Dettagli Recensione
L'angelo della fame veglia su tutti noi
Premetto che questo è il primo libro di Herta Muller che leggo. Incurisita dal suo premio Nobel ho comprato il libro per il titolo che definirei senza esitazione spettacolare. Fin da subito però vedendo citato il poeta Oskar Pastior mi sono chiesta quanto realmente fosse opera esclusiva della Muller. Questo non saprei dirlo, anche se per certo il poeta nel lager ci è finito veramente e la Muller tiene a precisare nelle ultime pagine che il libro doveva essere scritto a quattro mani ma poi Pastior è morto e in genere se un autore precisa una cosa del genere vuol dire che sotto sotto probabilmente il romanzo andava anche firmato con il doppio nome... A parte ciò, nel romanzo di una potenza notevole ci troviamo di fronte a una storia di deportazione, un giovane tedesco finisce in un campo di lavoro russo e là rimane per 5 anni.
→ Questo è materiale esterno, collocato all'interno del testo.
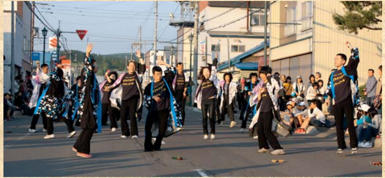
のぞみ学園生 美深あっぱれ隊「よさこいソーラン」
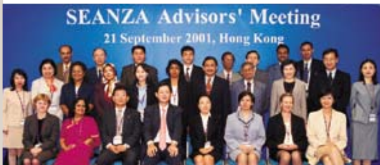
中央銀行代表出席金管局於2001年9月舉辦的東南亞與新西蘭及澳洲中央銀行組織顧問會議。

為掌握最新國際金融發展情況，金管局積極參與國際貨幣基金組織、國際結算銀行及亞洲開發銀行的活動。2001年9月，金管局與世界銀行及太平洋經濟合作理事會聯合舉辦東亞地區性金融合作研討會。約110位來自國際金融機構及私營部門的代表雲集香港，討論有關東亞債券市場發展及貨幣改革的課題。香港已同意於2002年參與基金組織的金融體系評估計劃。這個計劃有助香港找出金融體系存在的問題並採取補救措施，有利金融穩定。
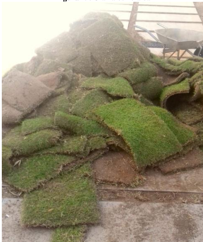
Figura 19. Grama-esmeralda

Le descrizioni sono di una durezza e crudeltà uniche, crudeltà che solo chi ha vissuto il lager può replicare sulla pagina. Elementi di una bellezza ineguagliabile sono le descrizioni del cibo di fortuna e di come procurarselo, su tutti il pane distribuito a "misura" con gli scambi ossessivi tra i deportati o le piante che crescono lungo le strade e l'angelo della fame che veglia in ogni momento sul protagonista e dei suoi compagni di lavoro e la morte che si affaccia sui volti con la sua peluria bianca. E' difficile dire se sia un bel romanzo, è talmente coinvolgente anche se in alcune parti sembra non andare in nessun luogo che alla fine si cerca di perdonare la Muller per l'omissione del secondo autore. Bellissima l'immagine delle 273 patate.